# [Problem to work on]
Beginning with the line that holds "O espaço foi" and ending with the last line of the entries, please output each line exactly, apart from any pictures.
##### Task input
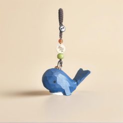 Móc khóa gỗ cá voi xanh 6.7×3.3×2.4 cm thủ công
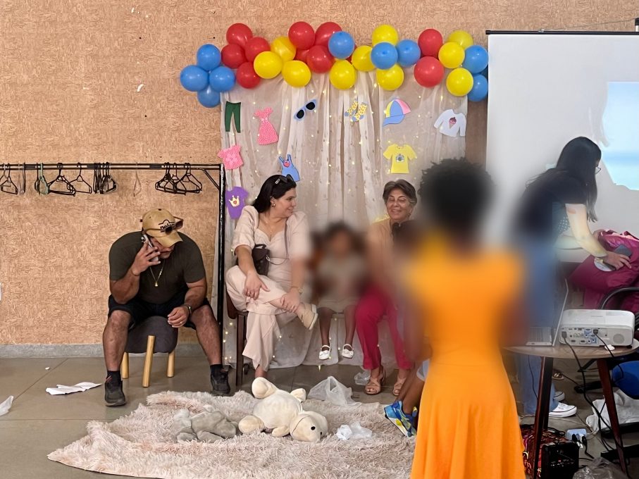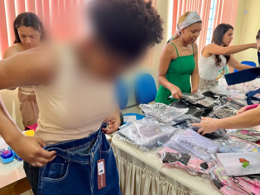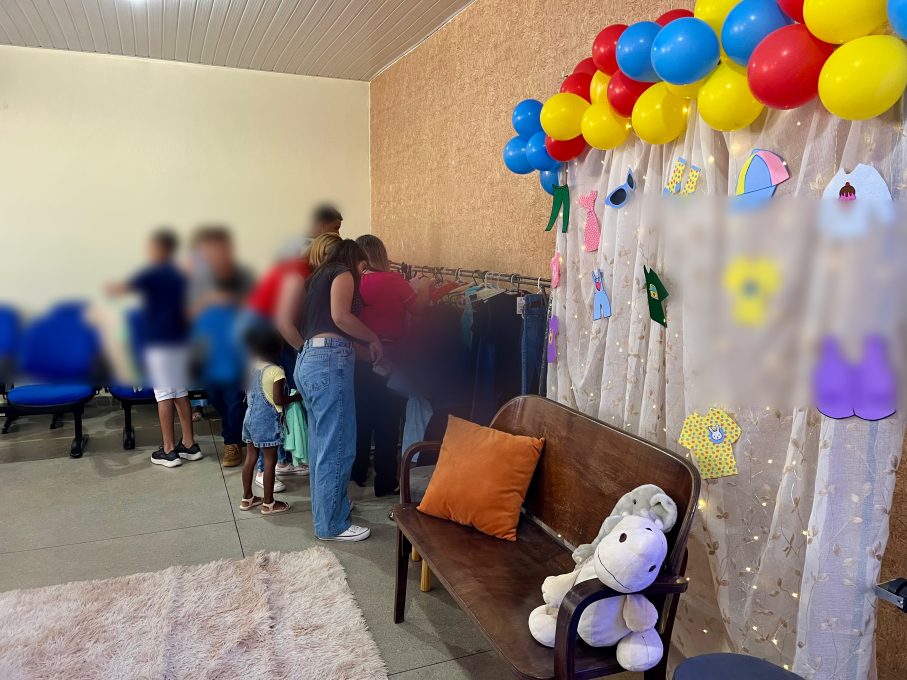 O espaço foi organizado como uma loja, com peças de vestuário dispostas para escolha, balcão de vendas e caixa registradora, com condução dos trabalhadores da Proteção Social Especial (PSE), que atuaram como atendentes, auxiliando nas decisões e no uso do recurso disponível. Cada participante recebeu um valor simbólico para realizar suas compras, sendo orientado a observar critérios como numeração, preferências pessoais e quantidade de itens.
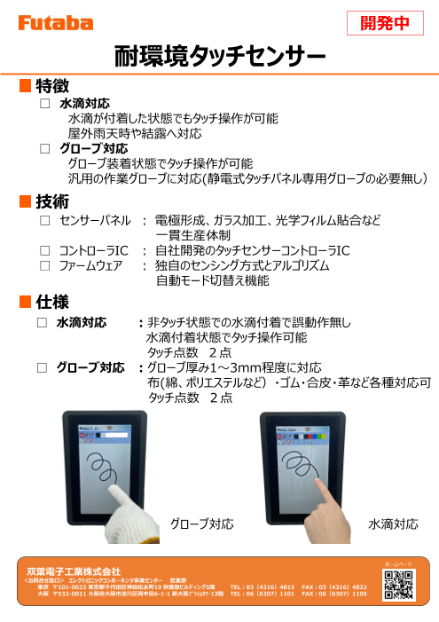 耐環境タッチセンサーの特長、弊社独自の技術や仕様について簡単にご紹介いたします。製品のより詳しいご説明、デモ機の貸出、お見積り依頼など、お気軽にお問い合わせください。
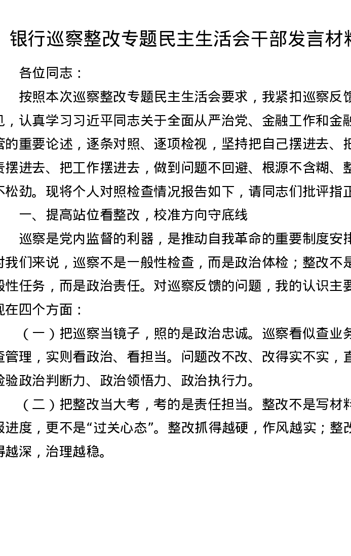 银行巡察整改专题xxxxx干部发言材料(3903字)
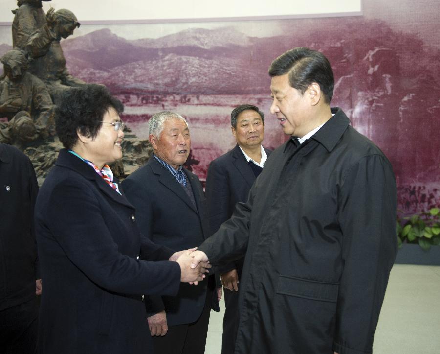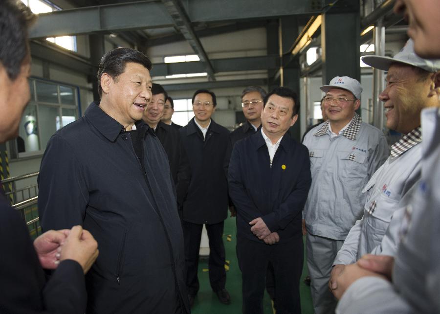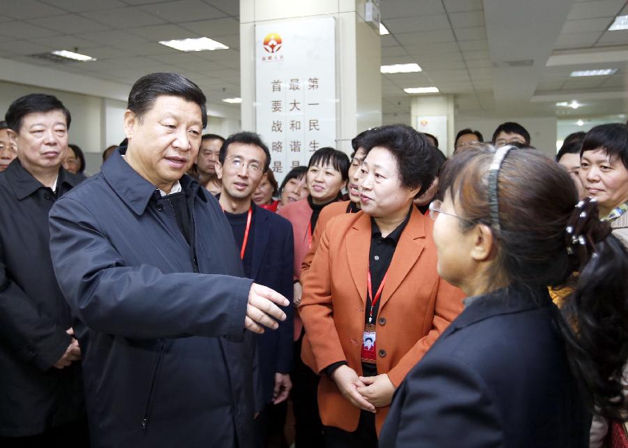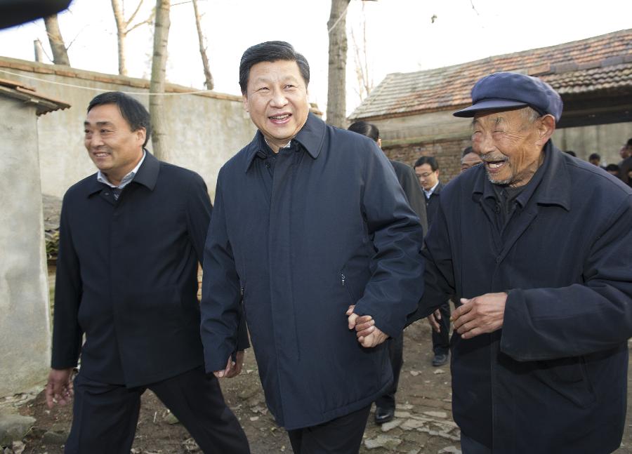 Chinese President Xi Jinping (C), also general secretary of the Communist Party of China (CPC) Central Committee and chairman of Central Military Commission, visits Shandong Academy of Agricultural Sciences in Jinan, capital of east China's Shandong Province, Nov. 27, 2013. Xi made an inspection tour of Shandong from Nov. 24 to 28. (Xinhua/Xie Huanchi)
##########
# [Written solution]
 O espaço foi organizado como uma loja, com peças de vestuário dispostas para escolha, balcão de vendas e caixa registradora, com condução dos trabalhadores da Proteção Social Especial (PSE), que atuaram como atendentes, auxiliando nas decisões e no uso do recurso disponível. Cada participante recebeu um valor simbólico para realizar suas compras, sendo orientado a observar critérios como numeração, preferências pessoais e quantidade de itens.
 耐環境タッチセンサーの特長、弊社独自の技術や仕様について簡単にご紹介いたします。製品のより詳しいご説明、デモ機の貸出、お見積り依頼など、お気軽にお問い合わせください。
 银行巡察整改专题xxxxx干部发言材料(3903字)
 Chinese President Xi Jinping (C), also general secretary of the Communist Party of China (CPC) Central Committee and chairman of Central Military Commission, visits Shandong Academy of Agricultural Sciences in Jinan, capital of east China's Shandong Province, Nov. 27, 2013. Xi made an inspection tour of Shandong from Nov. 24 to 28. (Xinhua/Xie Huanchi)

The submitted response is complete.